--- Records supplied Enclosed Below ---
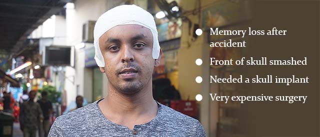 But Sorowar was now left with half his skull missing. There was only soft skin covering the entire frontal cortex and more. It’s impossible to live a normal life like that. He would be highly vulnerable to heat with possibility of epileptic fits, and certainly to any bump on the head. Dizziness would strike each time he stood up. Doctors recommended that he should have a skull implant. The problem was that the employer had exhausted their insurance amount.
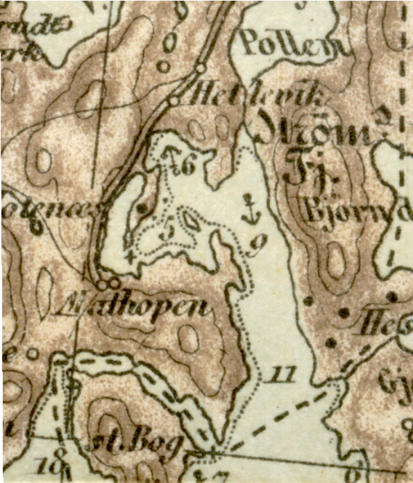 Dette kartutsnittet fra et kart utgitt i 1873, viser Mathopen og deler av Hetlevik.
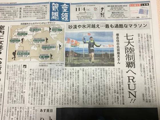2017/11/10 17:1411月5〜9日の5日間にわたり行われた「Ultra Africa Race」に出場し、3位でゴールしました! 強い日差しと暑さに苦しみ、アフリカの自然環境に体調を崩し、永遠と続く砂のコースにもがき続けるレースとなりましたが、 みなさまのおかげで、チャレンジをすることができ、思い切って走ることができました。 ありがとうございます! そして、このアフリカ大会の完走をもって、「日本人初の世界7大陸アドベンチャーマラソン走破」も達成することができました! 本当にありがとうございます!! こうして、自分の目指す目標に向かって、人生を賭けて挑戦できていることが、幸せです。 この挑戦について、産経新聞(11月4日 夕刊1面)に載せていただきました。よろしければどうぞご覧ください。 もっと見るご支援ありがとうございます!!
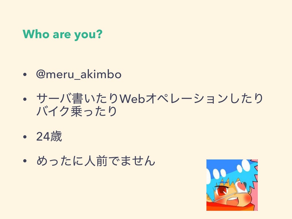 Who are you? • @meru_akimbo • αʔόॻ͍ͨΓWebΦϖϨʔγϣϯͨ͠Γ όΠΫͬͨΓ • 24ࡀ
--- End of Enclosed Records supplied ---
--- Records supplied Enclosed Below ---
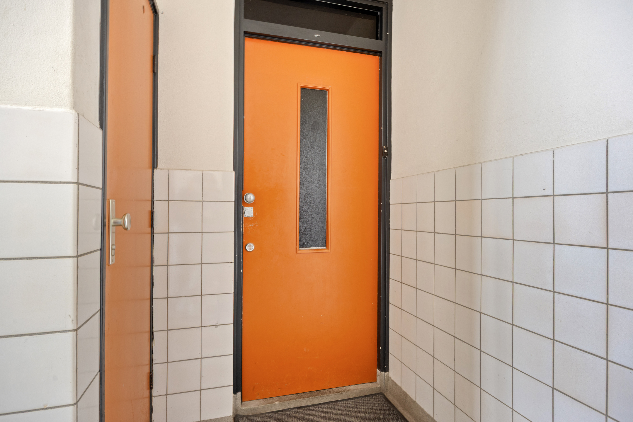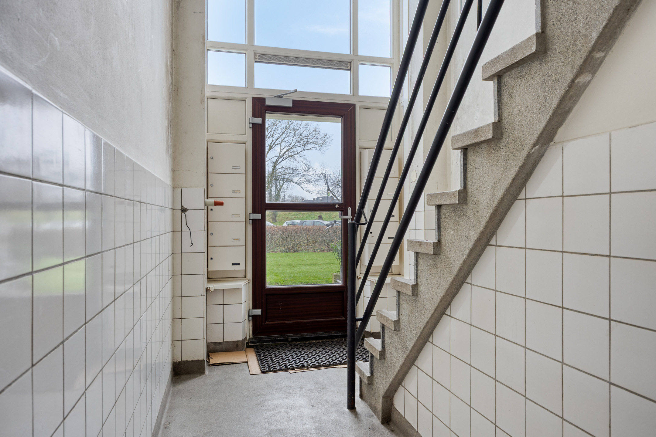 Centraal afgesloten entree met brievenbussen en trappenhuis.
--- End of Enclosed Records supplied ---
Task prompt: Exact copy, no pictures. Write out the lines in the entries above, starting with the line with "2017/11/10 17:1411月5〜9日の5日間にわたり行われた「Ultra Africa" and going on through the line with "Who are you?", keeping both.

Task output:
2017/11/10 17:1411月5〜9日の5日間にわたり行われた「Ultra Africa Race」に出場し、3位でゴールしました! 強い日差しと暑さに苦しみ、アフリカの自然環境に体調を崩し、永遠と続く砂のコースにもがき続けるレースとなりましたが、 みなさまのおかげで、チャレンジをすることができ、思い切って走ることができました。 ありがとうございます! そして、このアフリカ大会の完走をもって、「日本人初の世界7大陸アドベンチャーマラソン走破」も達成することができました! 本当にありがとうございます!! こうして、自分の目指す目標に向かって、人生を賭けて挑戦できていることが、幸せです。 この挑戦について、産経新聞(11月4日 夕刊1面)に載せていただきました。よろしければどうぞご覧ください。 もっと見るご支援ありがとうございます!!
 Who are you? • @meru_akimbo • αʔόॻ͍ͨΓWebΦϖϨʔγϣϯͨ͠Γ όΠΫͬͨΓ • 24ࡀ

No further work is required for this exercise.